[DATASET SECTION — start]

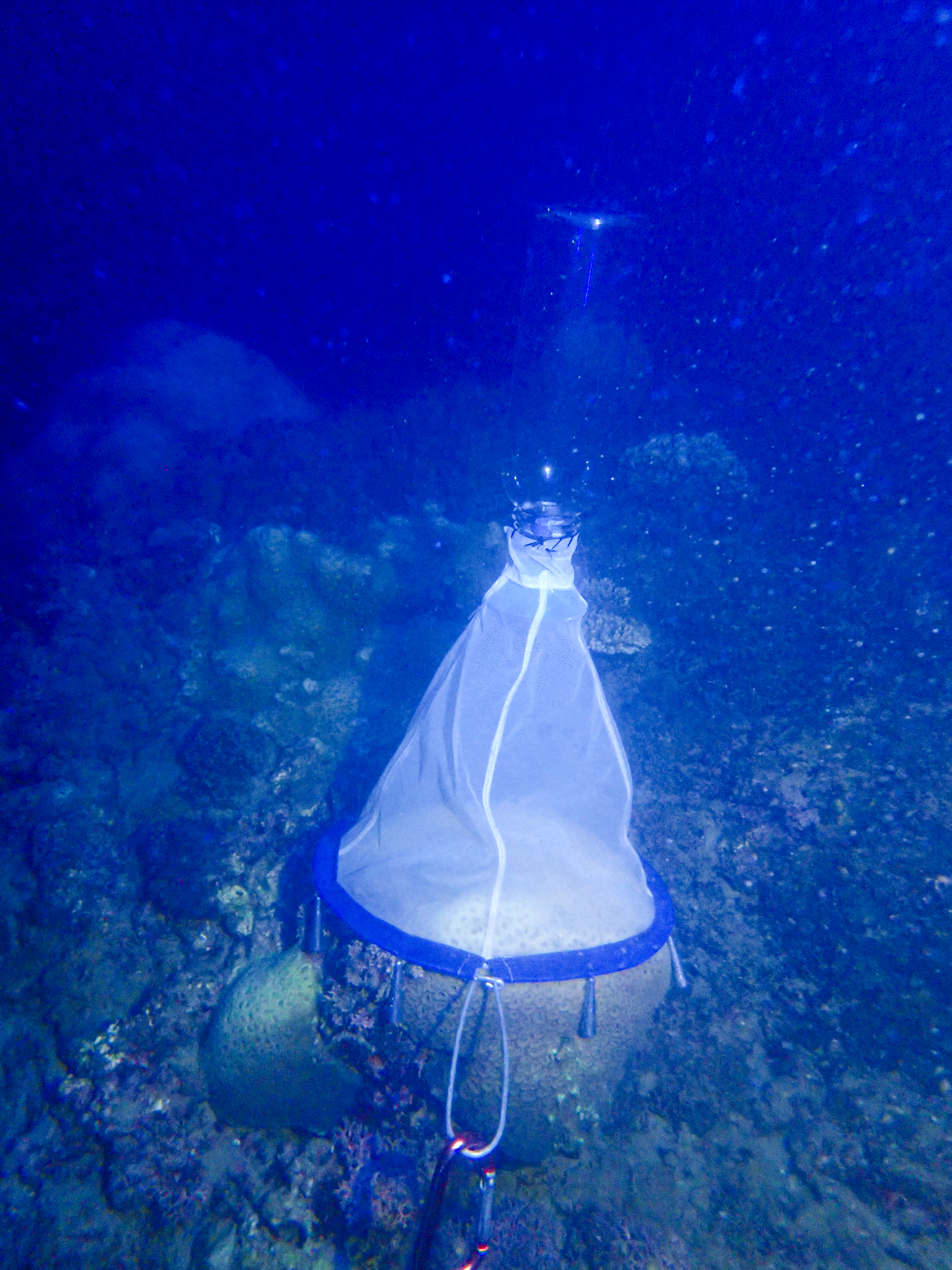 | Giao tử san hô được các nhà khoa học lấy mẫu bằng thiết bị đặc biệt. |
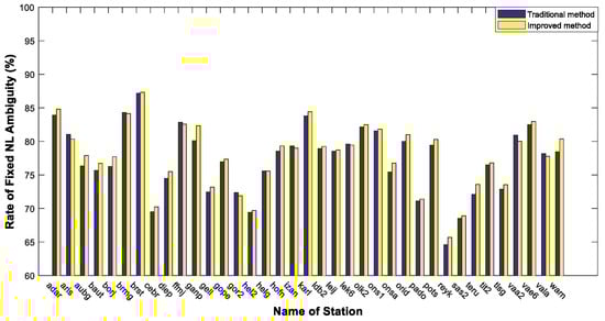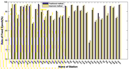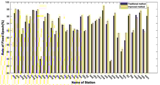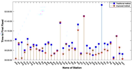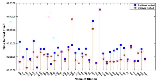 From Figure 10, the of most stations is more than 90%, and the mean that uses the traditional and proposed methods are 94.50% and 94.96%, respectively. The of the proposed method is 0.5% more than in the traditional method. From Figure 11, the values using the traditional and proposed methods are 77.61% and 78.03%, respectively. The mean of the proposed method is 0.5% more than in the traditional method. Therefore, the proposed method offers an improved precision compared to the traditional one. We also counted the time to first fixed (TTFF) of the stations, and the results are shown in Figure 12.
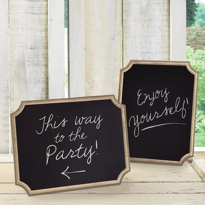 Put your message on display in an elegant way using these Chalkboard Wood Easel Signs! These chalkboard decorations are small wood signs with a black space in the middle that have a scroll-like border to give off a classy look. Using chalk or a white marker (not included) you can write a special message for your wedding, shower, anniversary party, or special event. Using the easel stands, display these chalkboard signs as guests enter your party.
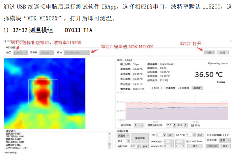 等,通過算法可實(shí)現(xiàn)測(cè)溫精度±0.2℃,具備數(shù)據(jù)實(shí)時(shí)輸出顯示,可通過USB接口

[DATASET SECTION — finish]

WORK ITEM - Output a faithful copy of the data, with each picture left out.

EXPECTED OUTPUT -
 | Giao tử san hô được các nhà khoa học lấy mẫu bằng thiết bị đặc biệt. |
 From Figure 10, the of most stations is more than 90%, and the mean that uses the traditional and proposed methods are 94.50% and 94.96%, respectively. The of the proposed method is 0.5% more than in the traditional method. From Figure 11, the values using the traditional and proposed methods are 77.61% and 78.03%, respectively. The mean of the proposed method is 0.5% more than in the traditional method. Therefore, the proposed method offers an improved precision compared to the traditional one. We also counted the time to first fixed (TTFF) of the stations, and the results are shown in Figure 12.
 Put your message on display in an elegant way using these Chalkboard Wood Easel Signs! These chalkboard decorations are small wood signs with a black space in the middle that have a scroll-like border to give off a classy look. Using chalk or a white marker (not included) you can write a special message for your wedding, shower, anniversary party, or special event. Using the easel stands, display these chalkboard signs as guests enter your party.
 等,通過算法可實(shí)現(xiàn)測(cè)溫精度±0.2℃,具備數(shù)據(jù)實(shí)時(shí)輸出顯示,可通過USB接口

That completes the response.